◆ Exercise requirements
Write out the data exactly as given, dropping every picture.

--- Input data ---

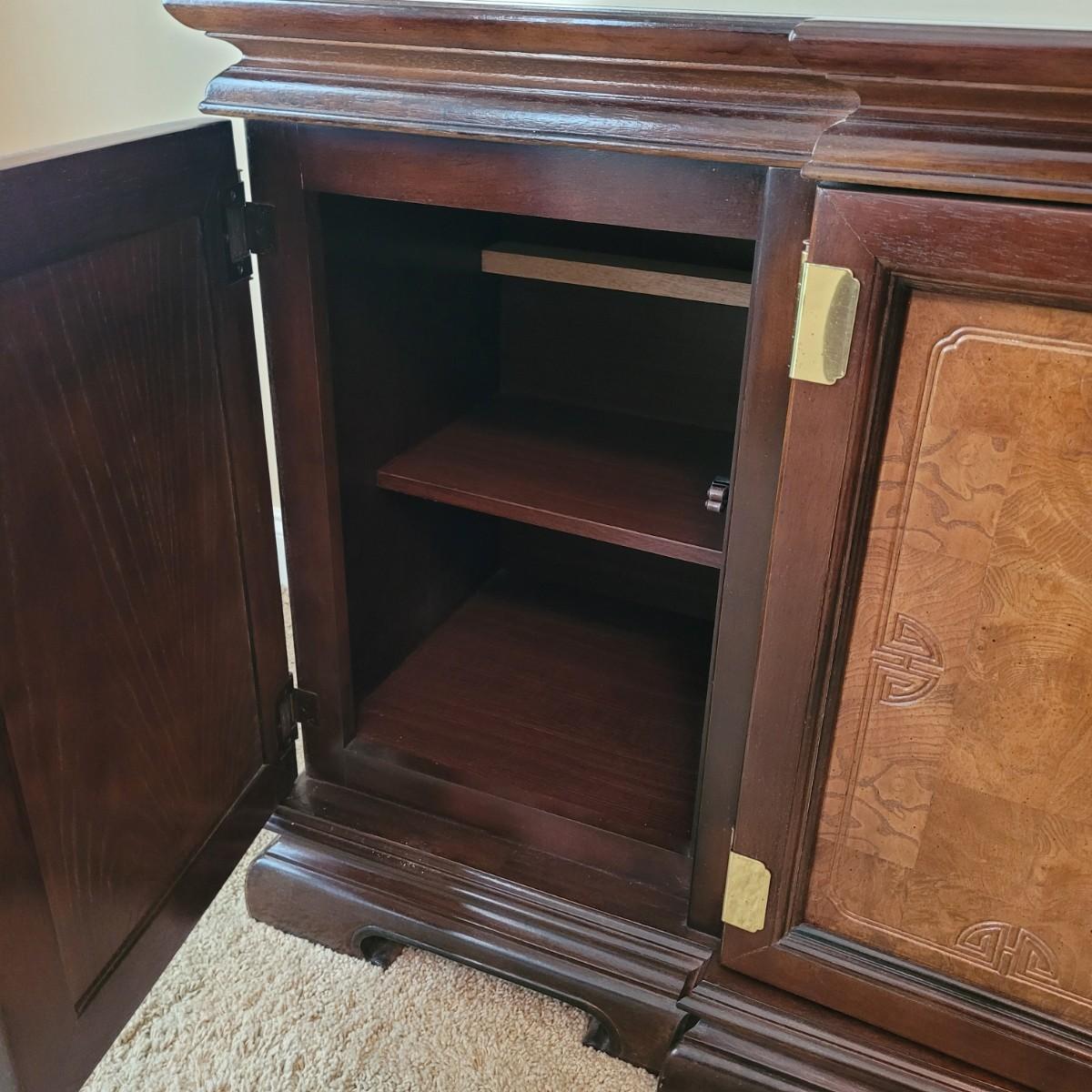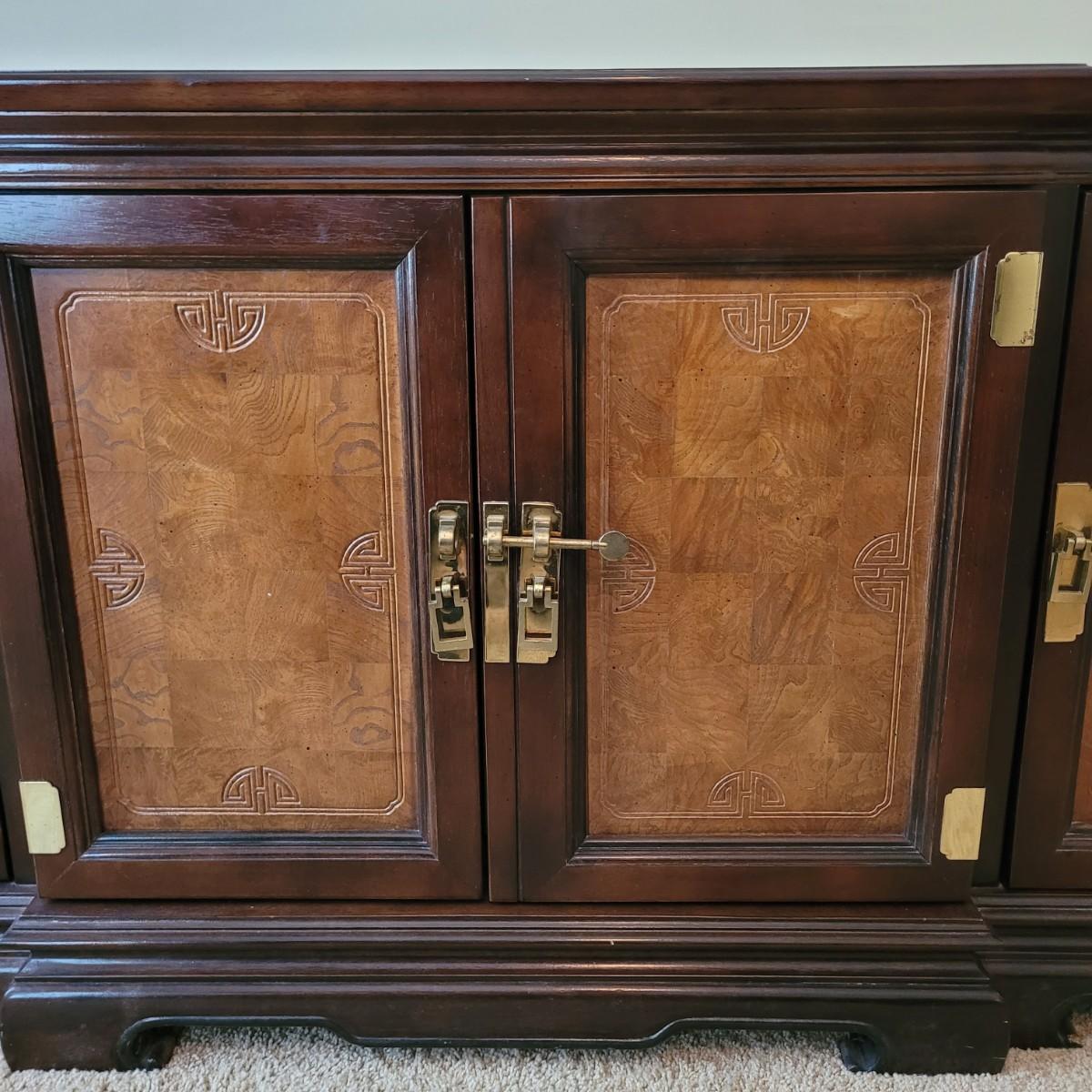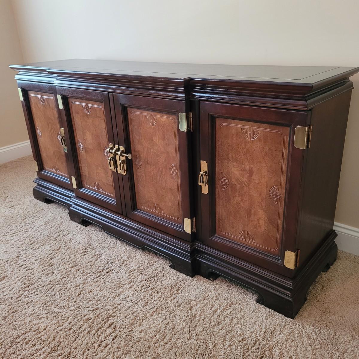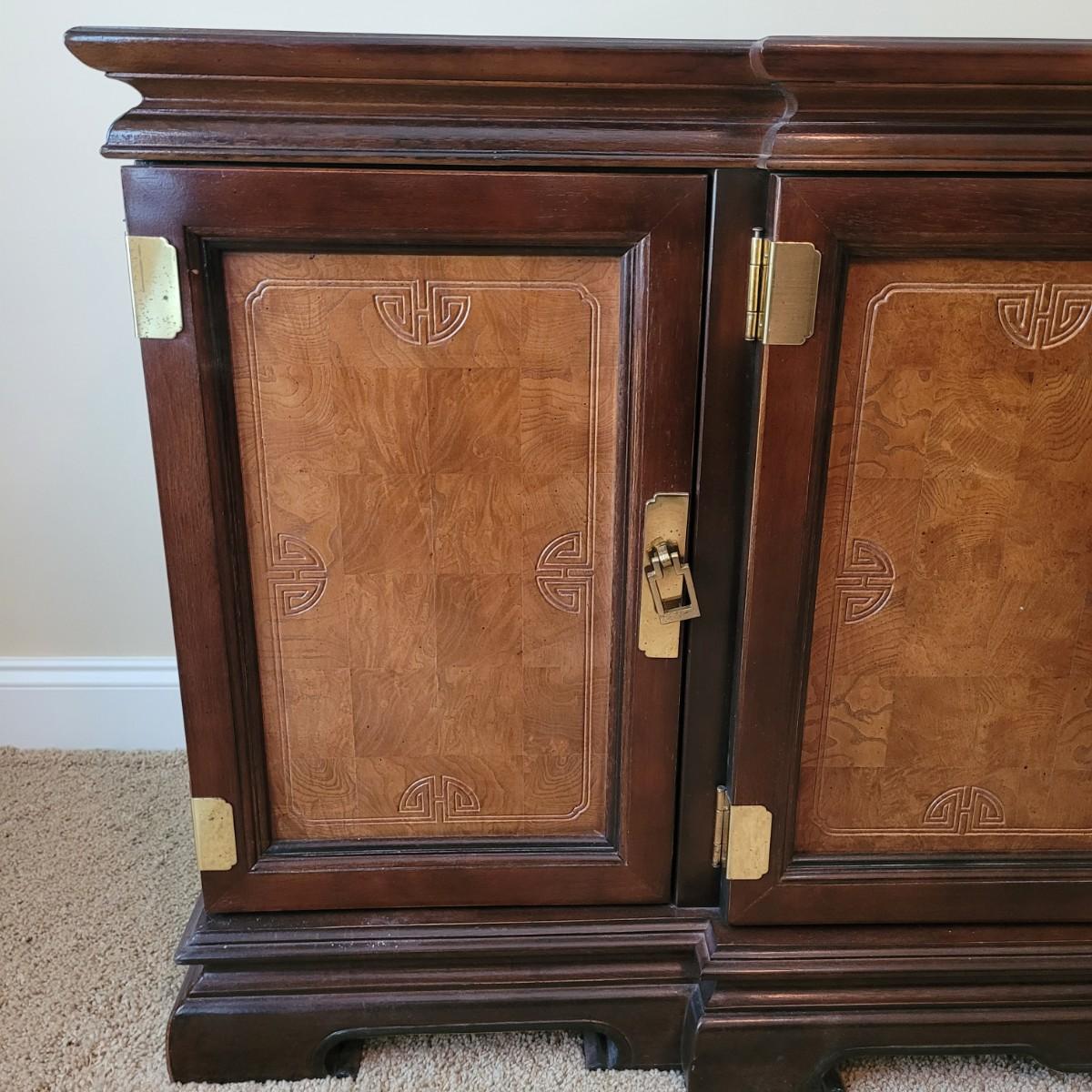 This lot includes one large Chinoiserie wooden credenza. Likely made in the1990s, this credenza has brass hardware and burl doors. There is a brass rod latch that may be used to secure the two middle doors. There is one divided drawer behind the middle two doors and one long shelf that spans the length of the entire credenza. The piece measures approximately 63.5" x 18" x 31"H.
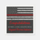 Herzlichen Glückwunsch! USA Fahne Design in Firefighter Flag Farben, Vintag bedrücktes Design auf schwarzem Leder. Diese glückliche Ruhestandssammlung für Feuerwehrleute wird ein Favorit sein. Personalisieren mit Fireman Namen, und Glückwünsche können in glückliche Pension geändert werden. Ideal für Feuerwehrmann-Party oder Feuerakademie-Abschlussfeier. Sehen Sie sich unsere dünne rote Line-Kollektion an, um Einladungen für Feuerwehrleute, Feuerwehrgeschenke, Gastgeschenke und Vorräte zu finden. COPYRIGHT © 2020 Judy Burrows, Black Dog Art - Alle Rechte vorbehalten. Party für Feuerwehrleute Ruhestand Napkins, dünne rote Linie
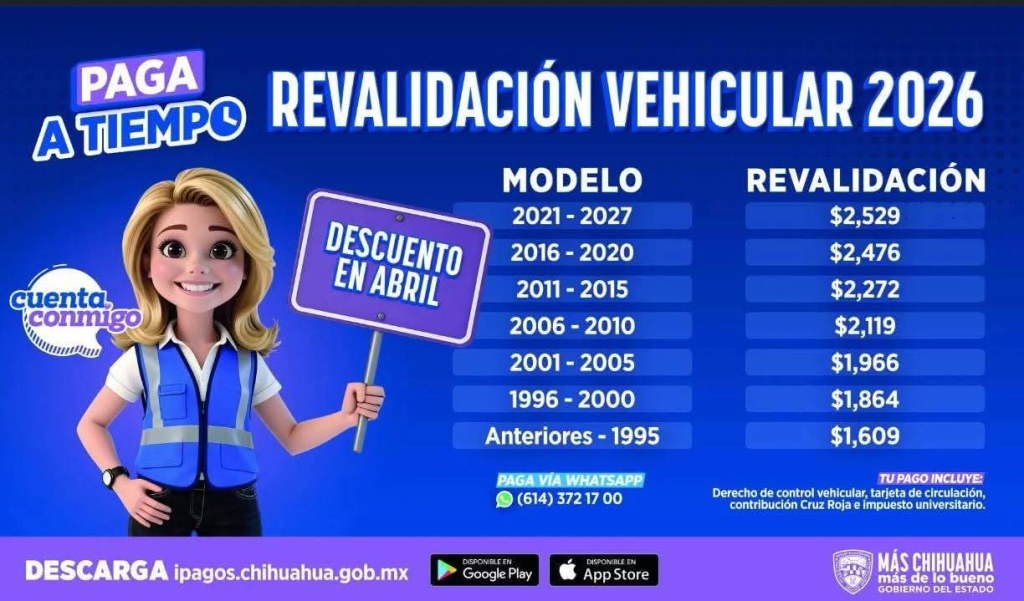 GENERAL 𝘾𝙊𝙎𝙏𝙊𝙎 𝘿𝙀 𝙍𝙀𝙑𝘼𝙇𝙄𝘿𝘼𝘾𝙄𝙊́𝙉 𝙑𝙀𝙃𝙄𝘾𝙐𝙇𝘼𝙍 2026/CUANTO LE TOCA PAGAR?.. Imagen 29 de enero de 2026 mone1970 Deja un comentario En febrero marzo y abril hay costos diferentes Comparte esto: Compartir en X (Se abre en una ventana nueva) X Comparte en Facebook (Se abre en una ventana nueva) Facebook Compartir en WhatsApp (Se abre en una ventana nueva) WhatsApp Compartir en Threads (Se abre en una ventana nueva) Threads Compartir en X (Se abre en una ventana nueva) X Relacionado

---

◆ Expected output
 This lot includes one large Chinoiserie wooden credenza. Likely made in the1990s, this credenza has brass hardware and burl doors. There is a brass rod latch that may be used to secure the two middle doors. There is one divided drawer behind the middle two doors and one long shelf that spans the length of the entire credenza. The piece measures approximately 63.5" x 18" x 31"H.
 Herzlichen Glückwunsch! USA Fahne Design in Firefighter Flag Farben, Vintag bedrücktes Design auf schwarzem Leder. Diese glückliche Ruhestandssammlung für Feuerwehrleute wird ein Favorit sein. Personalisieren mit Fireman Namen, und Glückwünsche können in glückliche Pension geändert werden. Ideal für Feuerwehrmann-Party oder Feuerakademie-Abschlussfeier. Sehen Sie sich unsere dünne rote Line-Kollektion an, um Einladungen für Feuerwehrleute, Feuerwehrgeschenke, Gastgeschenke und Vorräte zu finden. COPYRIGHT © 2020 Judy Burrows, Black Dog Art - Alle Rechte vorbehalten. Party für Feuerwehrleute Ruhestand Napkins, dünne rote Linie
 GENERAL 𝘾𝙊𝙎𝙏𝙊𝙎 𝘿𝙀 𝙍𝙀𝙑𝘼𝙇𝙄𝘿𝘼𝘾𝙄𝙊́𝙉 𝙑𝙀𝙃𝙄𝘾𝙐𝙇𝘼𝙍 2026/CUANTO LE TOCA PAGAR?.. Imagen 29 de enero de 2026 mone1970 Deja un comentario En febrero marzo y abril hay costos diferentes Comparte esto: Compartir en X (Se abre en una ventana nueva) X Comparte en Facebook (Se abre en una ventana nueva) Facebook Compartir en WhatsApp (Se abre en una ventana nueva) WhatsApp Compartir en Threads (Se abre en una ventana nueva) Threads Compartir en X (Se abre en una ventana nueva) X Relacionado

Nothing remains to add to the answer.